WHAT YOU HAVE TO DO:
Retype exactly the lines of the listing below from the one with "Wesley Schultz comenzó" through the last, both included, and leave every picture out.

DATA PROVIDED:

━━━━━━━━━━━━━━━━━━━━

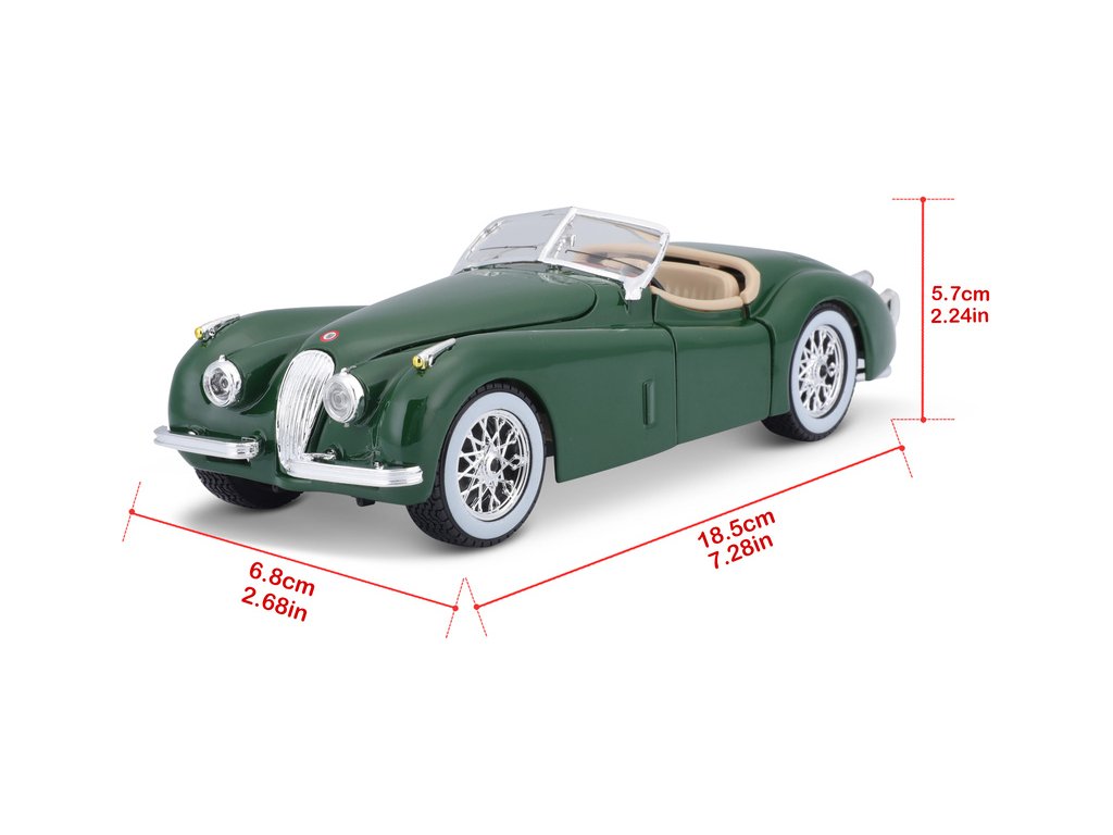 Kovový model auta 1:24 Bburago 18-22018 Jaguar XK 120 Roadster (1951) nejen pro sběratele. Má otevírací dveře a kapotu, natáčení kol volantem je plně funkční. Barva modelu je zelená a je přibližně 18 cm velký.
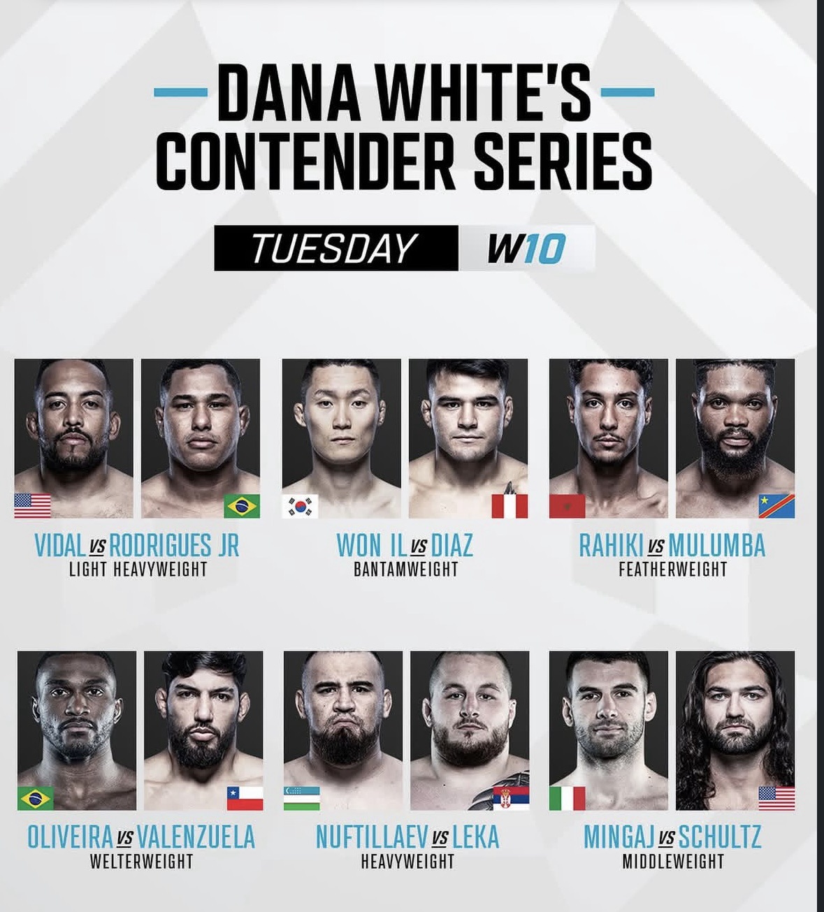 Wesley Schultz comenzó la velada con una fantástica sumisión ante su compañero especialista en terreno Mario Mingaj. Mingaj se puso en guardia contra la valla al principio del primer asalto, lo que dio lugar a algunos intercambios de lucha. Schultz aprovechó esta oportunidad para saltar sobre la espalda de Mingaj, pero en lugar de realizar el tradicional estrangulamiento trasero desnudo, realizó la extremadamente rara sumisión Suloev Stretch, que ataca el músculo de la ingle del oponente. Este fue el primer tramo de Suloev en la historia de DWCS, lo que le valió a Schultz el contrato en su segundo intento en el programa.
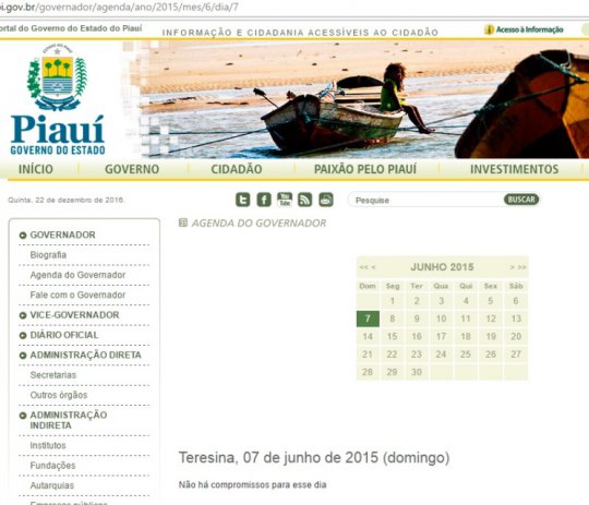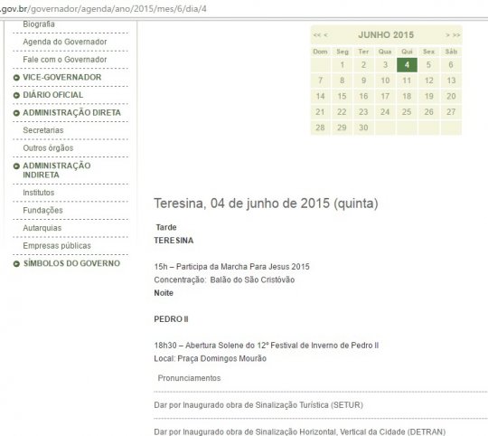 Ocorre que nas duas datas não consta na agenda do governador, nenhum ato oficial em Cajeueiro da Praia. No caso de junho, a segunda viagem, consta na pagina do governo que no dia 04 Wellington Dias estaria em Teresina pela manhã e à noite no festival de inverno em Pedro II. Nas demais datas, a agenda oficial do governo não consta nada.

━━━━━━━━━━━━━━━━━━━━

WORKED SOLUTION:
 Wesley Schultz comenzó la velada con una fantástica sumisión ante su compañero especialista en terreno Mario Mingaj. Mingaj se puso en guardia contra la valla al principio del primer asalto, lo que dio lugar a algunos intercambios de lucha. Schultz aprovechó esta oportunidad para saltar sobre la espalda de Mingaj, pero en lugar de realizar el tradicional estrangulamiento trasero desnudo, realizó la extremadamente rara sumisión Suloev Stretch, que ataca el músculo de la ingle del oponente. Este fue el primer tramo de Suloev en la historia de DWCS, lo que le valió a Schultz el contrato en su segundo intento en el programa.
 Ocorre que nas duas datas não consta na agenda do governador, nenhum ato oficial em Cajeueiro da Praia. No caso de junho, a segunda viagem, consta na pagina do governo que no dia 04 Wellington Dias estaria em Teresina pela manhã e à noite no festival de inverno em Pedro II. Nas demais datas, a agenda oficial do governo não consta nada.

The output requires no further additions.